### Records provided
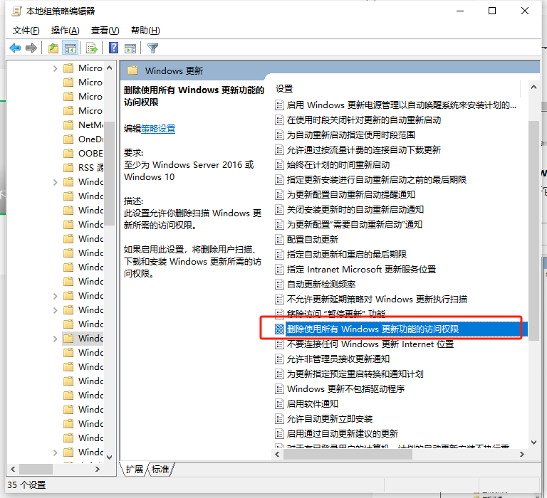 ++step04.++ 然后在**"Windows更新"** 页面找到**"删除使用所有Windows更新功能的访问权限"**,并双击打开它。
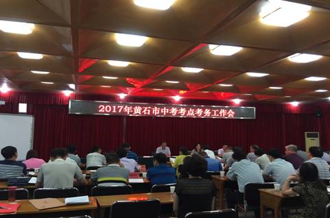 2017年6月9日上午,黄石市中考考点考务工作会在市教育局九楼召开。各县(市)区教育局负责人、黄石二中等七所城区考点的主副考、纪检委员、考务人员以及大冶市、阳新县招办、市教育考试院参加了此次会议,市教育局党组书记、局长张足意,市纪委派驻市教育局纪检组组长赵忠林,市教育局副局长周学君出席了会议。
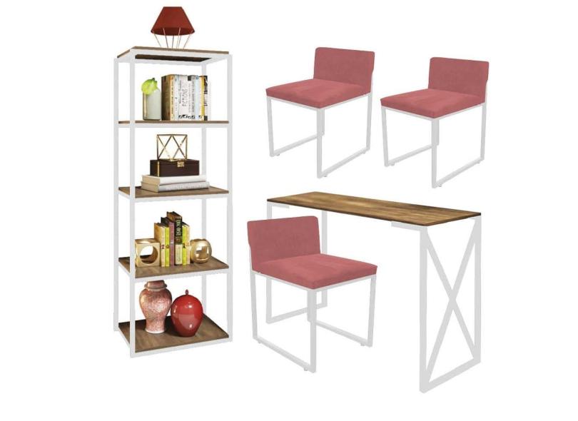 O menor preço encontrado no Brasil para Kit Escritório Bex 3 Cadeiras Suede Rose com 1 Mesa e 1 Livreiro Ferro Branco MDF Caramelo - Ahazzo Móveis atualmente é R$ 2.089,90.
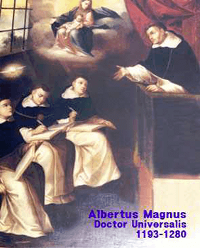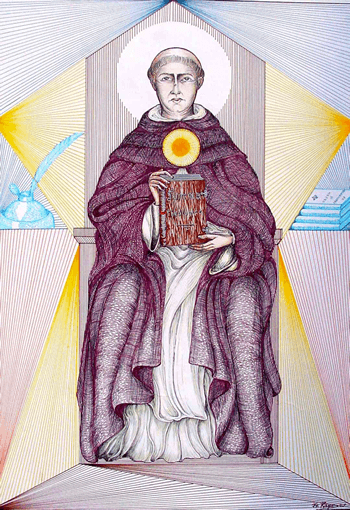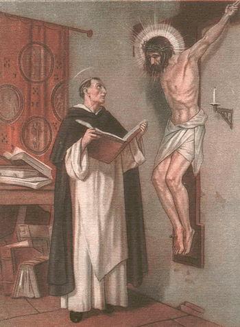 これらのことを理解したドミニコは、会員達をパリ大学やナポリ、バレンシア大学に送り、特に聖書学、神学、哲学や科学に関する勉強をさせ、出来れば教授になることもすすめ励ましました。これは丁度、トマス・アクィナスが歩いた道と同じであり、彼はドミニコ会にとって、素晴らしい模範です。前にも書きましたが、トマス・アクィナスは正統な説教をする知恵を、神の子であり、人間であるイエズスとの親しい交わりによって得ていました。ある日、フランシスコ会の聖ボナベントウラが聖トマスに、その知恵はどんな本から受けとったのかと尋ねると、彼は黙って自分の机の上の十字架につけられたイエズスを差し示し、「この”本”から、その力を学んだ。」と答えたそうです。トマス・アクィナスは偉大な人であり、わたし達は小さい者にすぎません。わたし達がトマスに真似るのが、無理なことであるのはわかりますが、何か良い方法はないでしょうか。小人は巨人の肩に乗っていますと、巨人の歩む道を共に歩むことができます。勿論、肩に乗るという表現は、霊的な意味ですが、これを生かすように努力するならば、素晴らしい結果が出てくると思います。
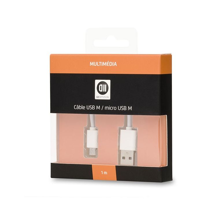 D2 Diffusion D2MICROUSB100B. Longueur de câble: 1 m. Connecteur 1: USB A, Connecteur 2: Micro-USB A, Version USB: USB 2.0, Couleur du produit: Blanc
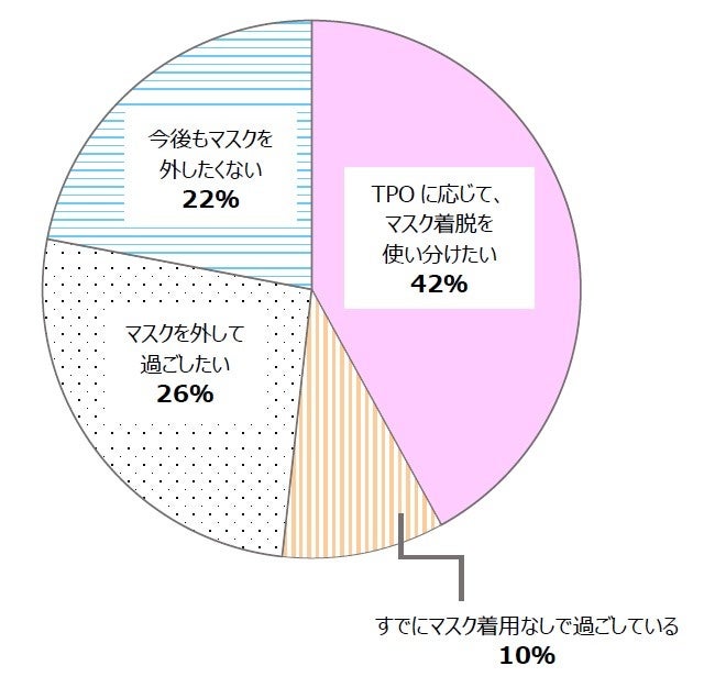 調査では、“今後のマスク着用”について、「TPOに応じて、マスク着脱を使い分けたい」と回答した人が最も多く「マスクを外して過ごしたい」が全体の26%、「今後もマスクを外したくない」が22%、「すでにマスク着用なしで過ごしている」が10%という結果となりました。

---

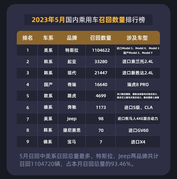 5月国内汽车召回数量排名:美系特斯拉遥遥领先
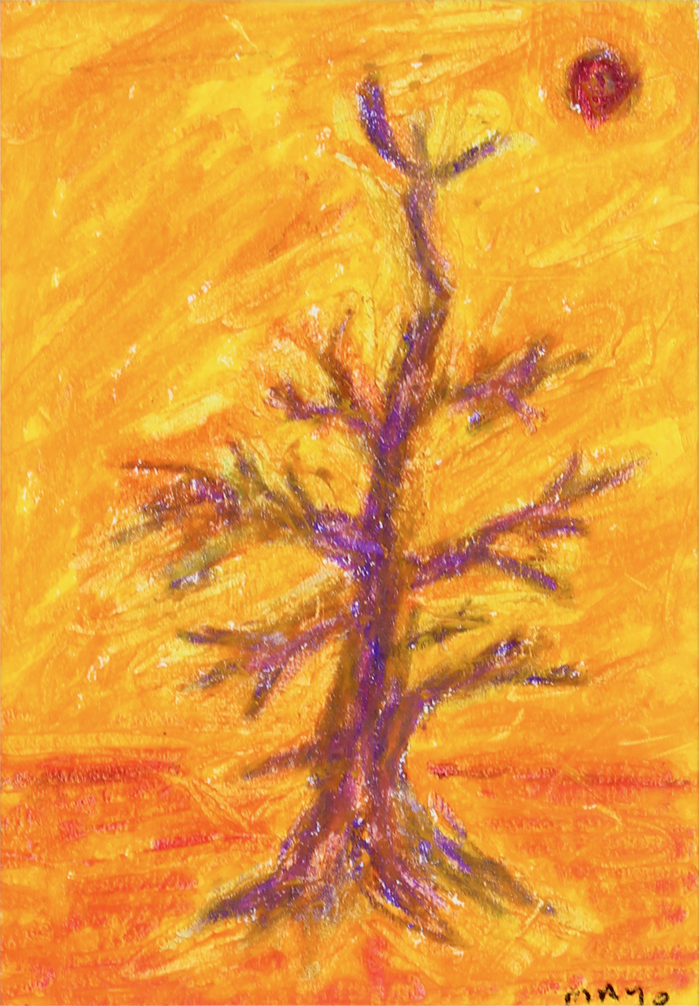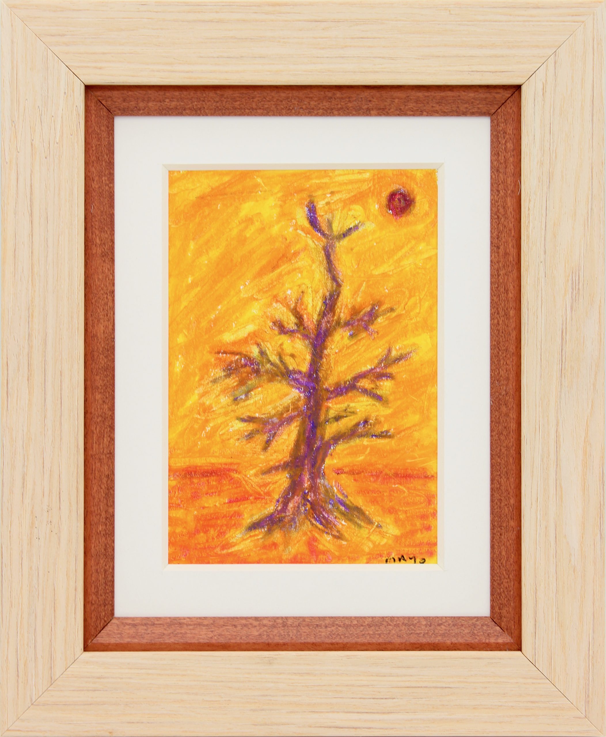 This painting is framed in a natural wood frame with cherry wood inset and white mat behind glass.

--

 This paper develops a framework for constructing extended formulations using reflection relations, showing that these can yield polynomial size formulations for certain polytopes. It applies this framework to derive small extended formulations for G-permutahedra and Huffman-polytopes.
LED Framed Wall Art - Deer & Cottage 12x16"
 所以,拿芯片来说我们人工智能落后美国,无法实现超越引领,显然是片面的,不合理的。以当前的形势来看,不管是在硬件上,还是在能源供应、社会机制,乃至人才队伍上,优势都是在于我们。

### About this exercise
Set down only the lines above that fall between the line holding "This paper develops" and the line holding "所以,拿芯片来说我们人工智能", inclusive, keeping each exact.

### Answer for the task
 This paper develops a framework for constructing extended formulations using reflection relations, showing that these can yield polynomial size formulations for certain polytopes. It applies this framework to derive small extended formulations for G-permutahedra and Huffman-polytopes.
LED Framed Wall Art - Deer & Cottage 12x16"
 所以,拿芯片来说我们人工智能落后美国,无法实现超越引领,显然是片面的,不合理的。以当前的形势来看,不管是在硬件上,还是在能源供应、社会机制,乃至人才队伍上,优势都是在于我们。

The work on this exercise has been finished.